Nakanishi-Matsui Mayumi, Futai Masamitsu
Microbial Chemistry Research Foundation, Tokyo 141-0021, Japan.
Philos Trans R Soc Lond B Biol Sci. 2008 Jun 27;363(1500):2135-42. doi: 10.1098/rstb.2008.2266.

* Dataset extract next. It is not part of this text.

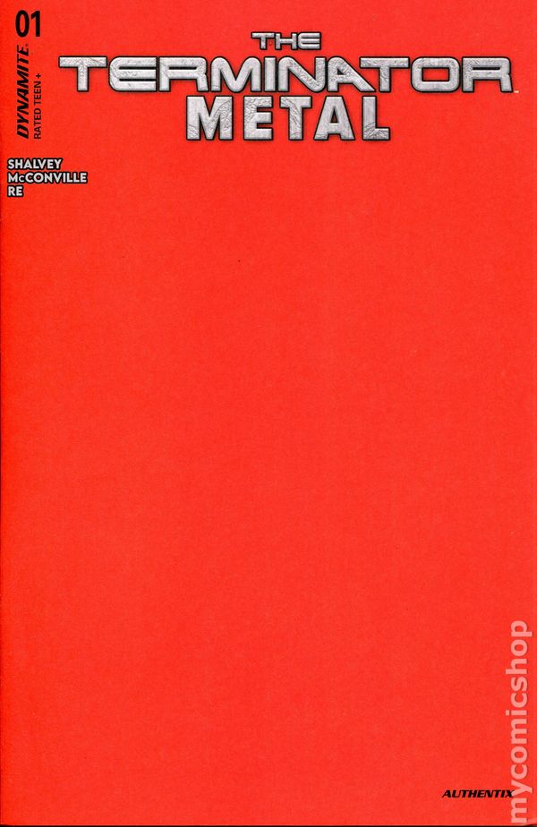 Black Bag Exclusive Authentix "Fierce Red" Blank Sketch Variant Cover. Written by Declan Shalvey and Rory McConville. Art by Lorenzo Re. KEEP YOUR FRIENDS CLOSE — AND YOUR ENEMIES CLOSER! In the post-apocalyptic future that follows Judgment Day, the shattered remnants of humanity must make use of every tool they can in their existential battle against the machines — and that includes the deadliest weapons that Skynet sends to annihilate them. For one member of the Resistance, this means trusting his life to a reprogrammed Terminator. Trapped behind enemy lines, the soldier and his repurposed engine of destruction must find a way to both survive and complete their mission — an undertaking with such a low probability of success that it could reboot the Terminator back to its default settings! Acclaimed Terminator and ThunderCats author DECLAN SHALVEY is joined by co-writer RORY MCCONVILLE and returning artist LORENZO RE for a brand-new chapter in his chilling saga of the War Against the Machines with The Terminator: Metal #1 — featuring brutally beautiful covers from SHALVEY, BOB LAYTON, SEBASTIAN PIRIZ, and IVAN TAO! 32 pages, full color, rated 13+.

F-ATPases synthesize ATP from ADP and phosphate coupled with an electrochemical proton gradient in bacterial or mitochondrial membranes and can hydrolyse ATP to form the gradient. F-ATPases consist of a catalytic F1 and proton channel F0 formed from the alpha3beta3gammadelta and ab2c10 subunit complexes, respectively. The rotation of gammaepsilonc10 couples catalyses and proton transport. Consistent with the threefold symmetry of the alpha3beta3 catalytic hexamer, 120 degrees stepped revolution has been observed, each step being divided into two substeps. The ATP-dependent revolution exhibited stochastic fluctuation and was driven by conformation transmission of the beta subunit (phosphate-binding P-loop/alpha-helix B/loop/beta-sheet4). Recent results regarding mechanically driven ATP synthesis finally proved the role of rotation in energy coupling.
F型ATP合酶利用细菌或线粒体膜中的电化学质子梯度,将二磷酸腺苷(ADP)和磷酸合成为三磷酸腺苷(ATP),并且能够水解ATP以形成该梯度。F型ATP合酶由催化性的F1和质子通道F0组成,分别由α3β3γδε和ab2c10亚基复合体形成。γεc10的旋转耦合了催化作用和质子运输。与α3β3催化六聚体的三重对称性一致,观察到了120度的步进旋转,每一步又分为两个子步。ATP依赖性旋转表现出随机波动,并由β亚基(磷酸盐结合P环/α螺旋B/环/β折叠4)的构象传递驱动。最近关于机械驱动ATP合成的结果最终证明了旋转在能量耦合中的作用。